Nowadays I am happily aware that there is very little I can say with honest certainty about those months of preparing for my baptism, that time which I wrote about and spoke about so profligately back when I was in the habit of telling people a conversion story. All I know is that it was a time when I came to realize that the way to be drawn most fully into the world was to acknowledge that it wasn’t all there was, and while I was unsure where this decision would lead me, or what it would cost me, it was enough to convince me to start out on the way. That real yet unspeakable trust, that depth of hope in God, which I had at the time, is what I find in Mark’s account of the call of these silent, inscrutable, yet utterly convicted disciples. It comes, too, with a sense of great tenderness and compassion both for them and for my former self: the catechumen who did not, and could not, possibly know the life of constant conversion that was waiting for her as she stepped away from the baptismal font.
I want to go back and tell that teenager, who wrote down her conversion story with such conclusive certainty, that she now has enough material for ten or twenty essays on conversion. I want to tell her of the depth, height, and breadth of conversion to Christ, joyous and painful, which is far beyond anything she could have comprehended – and yet nothing compared to what the next decades will hold for her. I want to tell her that, if she opens her Bible, she will find that the disciples who answer the call to follow Jesus are the same disciples who will three times hear him predict his own death and yet not understand; fall on their faces at the sight of him transfigured; run away from his maimed and suffering body on the cross. Three days later, they have the glorified wounds of Christ offered to them, not as a reproach, as human justice might demand, but as invitation and as gift. How bizarre would it be, and how disparaging to them, to view these events merely as an epilogue to the story of dropped nets by a lakeside?
In the convent, we pray often for a good death. We do so particularly at the office of Night Prayer, where the Psalms are offered in the dark, on the cusp of sleep, as preparation for the profound darkness of the sleep of death. One of my older sisters is wont to say – lightly, but still truthfully – that after Final Profession, the only other major event in a sister’s life is her death. Our whole Christian lives are a preparation for a good Christian death, one in which we pass through the new and living way to the beatific vision. We can hope for such a death, and reach out our hands toward it, no matter what happened to us at the time we came to faith. It is not at that first moment of conversion, but at the end of our Christian journey that the true meaning of our discipleship will settle and reveal itself, if indeed it ever does in this life.
I know of many books in which Christians give an account of their initial conversion, but I do not know of any recounting their ongoing conversion toward the end of their lives. People do not want to hear the conversion stories of Christians approaching death, and yet are more than happy to ask for stories from new Christians who have barely begun to convert at all, before so much of their conversion has happened to them or even become comprehensible to them. Where else can a conversion story truly end except with death and the face of God?

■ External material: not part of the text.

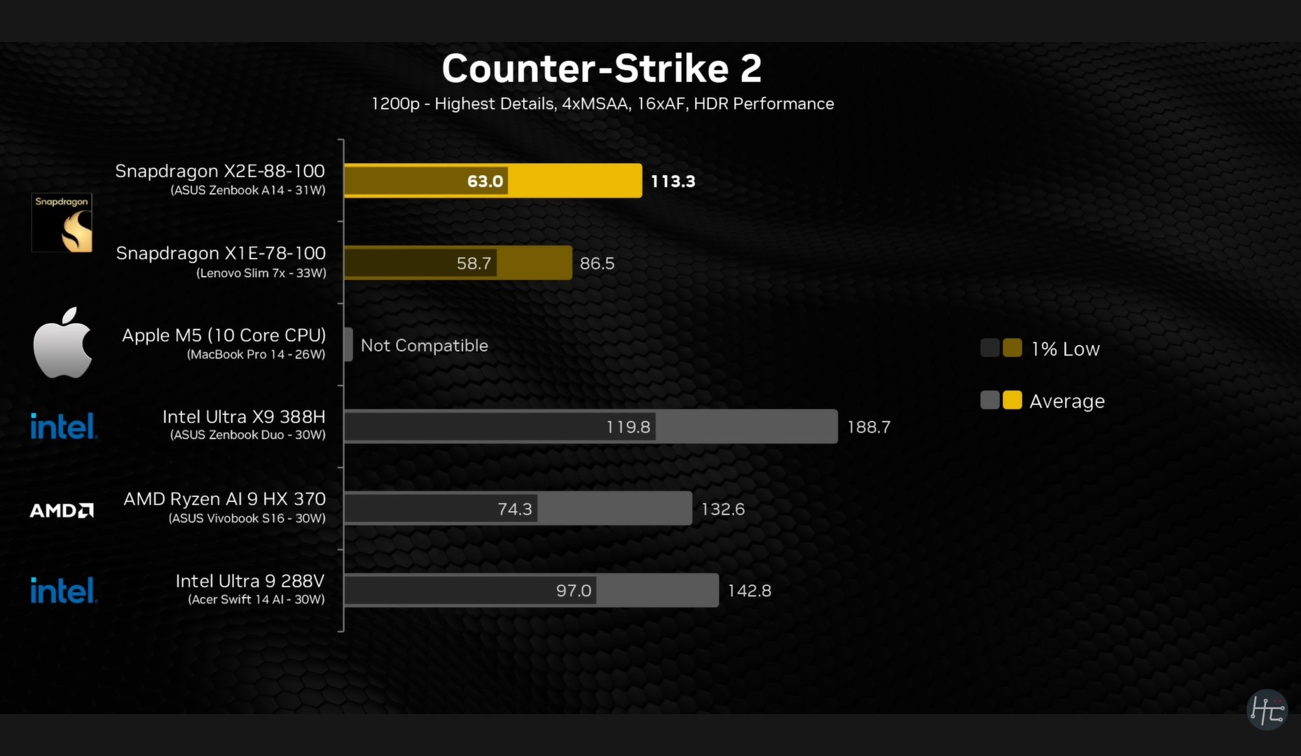 Nous observons le même schéma avec Counter-Strike 2, où le Snapdragon X2 Elite atteint une moyenne de plus de 113 FPS, mais les 1% de baisse restent à 63 FPS. Comparez cela à la moyenne du Core Ultra X9 388H de 188,7 FPS et aux 1% Lows de 119,8 FPS, et le problème devient très clair.

I think many people assume that my demurral from telling a “conversion story” is an unexpected form of shyness, rather than something principled. It’s not that I don’t want to tell anybody the personal details of how I came to faith, and it’s not that I don’t trust anybody with them. It’s simply that I am beginning to understand, seven years on, that much of what is truly significant happens after the point at which most people expect the story to end. If we must know each other’s faith journeys, then we need the honesty to present our first conversion just as the Gospels do: not as a culmination, nor as a reassuring and satisfying conclusion to our story, but as the most mysterious of beginnings.